Первое, что я сделал, выйдя из храма, проверил эйхос. Я ждал сообщений от Ольги или Бориса Егоровича, важных, с намеком на изменения по ситуации с Козельским или вокруг «Сириуса». Конечно, если бы имелись какие-то серьезные новости, то кто-то из Ковалевских не стал бы об этом извещать через эйхос, а назначил бы встречу. И сообщение от Ольги было. Но совершенно иного характера:

«Как ты там, на Небесах? Немного завидую, немного злюсь. И ревную. Ревную, наверное, не немного. Очень жду тебя на консультацию. Всего полдня и ночь, а я соскучилась…» — потом недолгое молчание и снова ее голос, всегда приятно волновавший меня: — «Саш, я все думаю о том… Ну, сам знаешь: о чем мы говорили вчера в кабинете отца. Я переживаю, как ты справишься. Ведь это же так важно и очень серьезно. Надеюсь, ты попросил Артемиду помочь?».

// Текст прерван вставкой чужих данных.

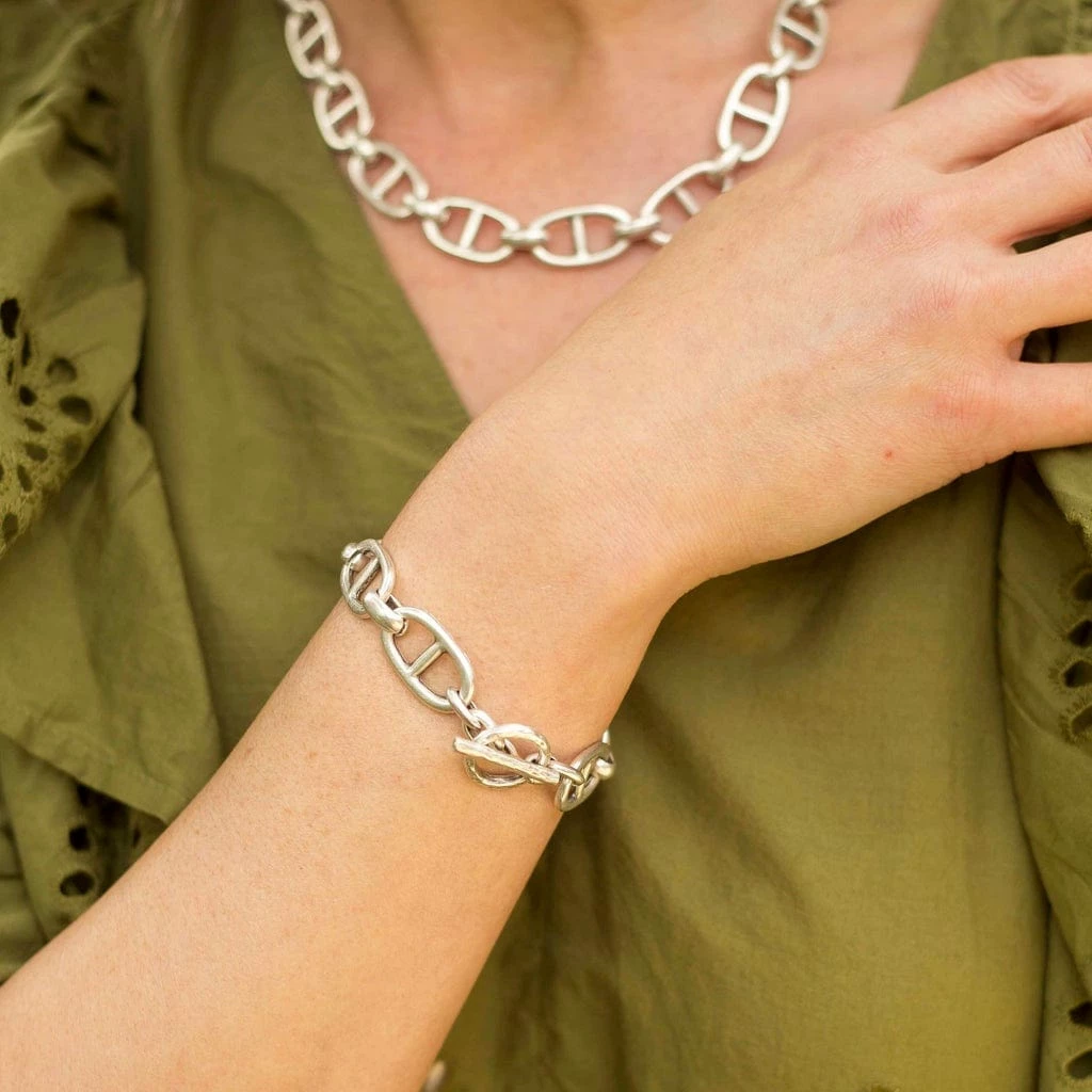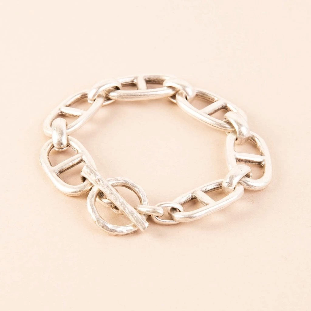 A middle-bar chain bracelet with a T-bar toggle clasp adds a quick punch to any outfit!

Конечно, Артемиду я не попросил. Если эти «важные и очень серьезные» дела будут делать за меня боги, то зачем в этом мире я? И не делают боги ничего по щелчку пальцев, даже если с этими богами у тебя самые сердечные отношения. Да, я обращался к Артемиде с просьбой насчет Элизабет, но это крайний случай. Это очень нежелательное вмешательство, которое противоречит Небесным Законам и может изменить записи в Вечной Книге, поэтому такими вещами злоупотреблять нельзя. И боги далеко не всегда могут помочь.

Кстати, Элизабет… от нее я тоже ждал сообщения. Почти с таким же нетерпением и настороженностью, как от Ковалевских. Сообщения, увы, не было. Понятно, что с Лондоном и всей Западной Европой неважная связь. Сообщение может идти не один день, и не везде есть возможность отправить его — это меня успокаивало. Но, с другой стороны, я чувствовал тревогу за миссис Барнс. Артемида мне толком ничего не пояснила, о том, что стряслось с Элиз, которую она, мягко говоря, недолюбливала.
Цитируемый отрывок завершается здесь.